Они долго смотрели в неподвижное озеро, на тёмные скалы, торчавшие из воды. А что, если этот звук родился там?
Напившись чаю, Виталька и Эллочка снова отправились в путь. Идти здесь было легче, и через несколько часов они вышли на поросшую лесом северную сторону озера. Лес взбирался вверх по крутому склону, но нигде не спускался близко к воде. Это только с противоположного берега казалось, будто ели уходят прямо в озеро. Нигде к воде не спускалась ни одна звериная тропа. Всё живое словно в ужасе отпрянуло от этого озера. А оно сияло тончайшим бирюзовым светом словно в ожидании восхода солнца.
Они пробирались по замшелым скалам, перелезали через старые поваленные ели. С их почерневших ветвей свисал серый мох.

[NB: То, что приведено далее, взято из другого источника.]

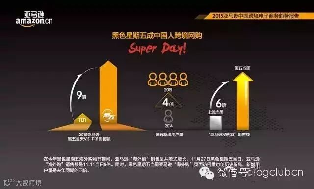 5、黑色星期五成为中国人跨境网购Super Day:在今年“黑五”海外购物节期间,亚马逊“海外购”销售呈井喷式增长,11月27日黑色星期五当日销售额是11.11当日9倍。同时,“黑五”当周“海外购”页面访问量也创历史新高,新增用户量是去年同期4倍。

Медленно взошло и поднялось в зенит солнце. Всё тяжелее становились рюкзаки от образцов, всё меньше оставалось заряженных кассет для фотоаппарата. Виталька то и дело наклонялся, осматривал землю, кусты, кору деревьев, затем бежал догонять Эллочку. И вот наконец он нашёл маленький клочок свалявшейся бурой шерсти. Раньше бы эта находка насторожила Витальку, а сейчас обрадовала.
– Элла! – крикнул он. – Посмотри, что я нашёл!
Эллочка бегом бросилась к нему.
– Шерсть? Чья?
– Медвежья.
– А собственно, чему ты так обрадовался? Выходит, мы можем здесь встретиться с медведем?
– Ну и что? Это только в сказках медведи нападают на людей. Правда, медведицу с медвежонком лучше не встречать… Да и то… любой зверь боится человека. А обрадовался я потому, что звери подходят к озеру. Значит, враньё, будто здесь нет ничего живого. Вообще-то зверья здесь мало, но такие места встречаются в горах, так что ничего особенного… А вот к воде они почему-то не подходят… Собака тоже. Ты заметила, Рэм ни разу не пил воды из озера…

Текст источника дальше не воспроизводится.